Get a behind-the-scenes look at Bill, the extraordinary team he works with, and his passion for pairing education with technology! 

Tell us a little bit about your role at Education Development Center (EDC) / the Center for Children and Technology (CCT) and the work you do. 
EDC is a not-for-profit R&D firm dedicated to improving education and health across the country and the globe. I’m part of a group of researchers, educators, and media designers in our New York City office. The Center for Children and Technology works to understand how digital media can play positive roles in kids’ lives and learning, both within and outside of the classroom. 

 Seymour Papert with LEGO Mindstorms Robotics Kit Photo credit: MIT Media Lab

Seymour Papert with LEGO Mindstorms Robotics Kit
Photo credit: MIT Media Lab

You’ve spent your career studying how digital tools and media can improve learning experiences.

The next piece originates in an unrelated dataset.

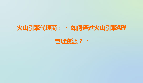 2025-07-07火山引擎代理商:如何通過火山引擎API管理資源? 引言 在當今數字化時代,企業對于云計算資源的需求日益增長,如何高效、便捷地管理這些資源成為企業關注的重點...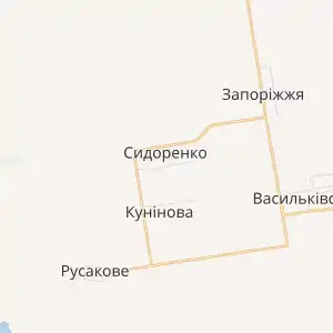 Село Сидоренко знаходиться на відстані 0,5 км від села Кунінова і за 1 км від села Запоріжжя. По селу протікає струмок що пересихає.

What initially drew you to this field, and how has it changed over the years?
What drew me to educational media research — way back in 1983! — was the chance to join a remarkable group of developmental psychologists, teachers, and media designers who had assembled at Bank Street College, a progressive school of education in NYC and home to one of the first ever educational media R&D labs. This group not only focused on the computer’s potential to improve learning and schooling, but they were innovatively asking how education can change computing — how the developmental needs of children and the needs of educators can shape the new technologies being developed. It was an exciting place to land. In my first week, I was showing fifth graders rough cuts of a science adventure show to see how they grasped the storyline and concepts, and sitting in on game design sessions with scientists and programmers. 

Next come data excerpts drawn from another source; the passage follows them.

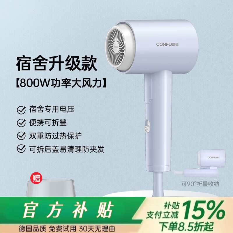 戴森德乐康夫电吹风机家用负离子护发专用大功率速干宿舍用学生可折叠风筒 雾屿蓝800W宿舍专用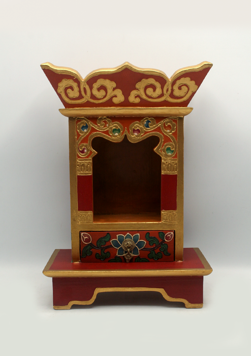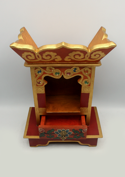The shrine also includes a drawer at the bottom, ideal for storing small ritual items or offerings.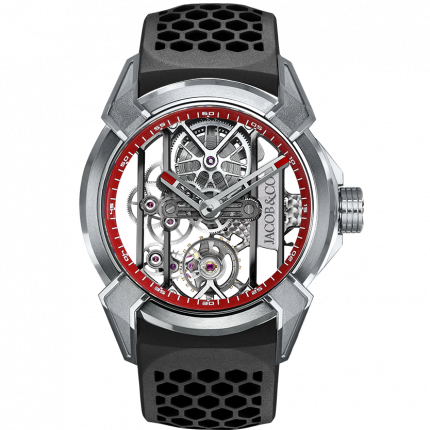 Jacob & Co. Epic X Titanium Red Neoralithe Inner Ring 44 mm watch. Model reference: EX110.20.AA.AG.ABRUA. Titanium case. Skeleton dial. Manual-winding movement. Black rubber strap with titanium pin buckle. Swiss made. The watch comes in the original packaging, with a set of documents and 2 years warranty. At Modern Wrist we offer new authentic watches at the best prices.

What I’ve noticed is that in 1983, the Apple II’s blocky green pixel resolution was the cutting edge of educational innovation; yet at the same time, Seymour Papert’s Mindstorms was getting teachers across the country excited about teaching youngsters to program computers in an intuitive, playful way. Today, our games, simulations, and teaching tools have far greater verisimilitude, responsiveness, and power (hail VR and AR!), but the project of helping kids become computational thinkers hasn’t advanced very far; it’s still an exciting frontier. 

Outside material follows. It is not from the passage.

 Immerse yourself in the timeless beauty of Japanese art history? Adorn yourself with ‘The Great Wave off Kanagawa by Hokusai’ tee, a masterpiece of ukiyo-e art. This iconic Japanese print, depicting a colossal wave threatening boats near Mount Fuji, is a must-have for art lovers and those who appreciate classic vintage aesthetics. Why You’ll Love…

What makes game-based learning media unique, and why do you think it is so effective at engaging with young people?
There are many kinds of games, and they work as learning media in different ways, but there are some common elements across them. At their best, games are patient, generous teachers. You can try over and over and they will not get bored or frustrated with you. They put you and your actions at the center — things only happen based on choices you make. They give you feedback that you can use to get better. In addition, many of the most engaging games are narrative structures that invite you to imaginatively enter a world of “as if” and “what if," which our narratively-wired brains find deeply compelling. And of course, games are deeply social, so we love using them to relate to, and compare ourselves to, our peers and friends. 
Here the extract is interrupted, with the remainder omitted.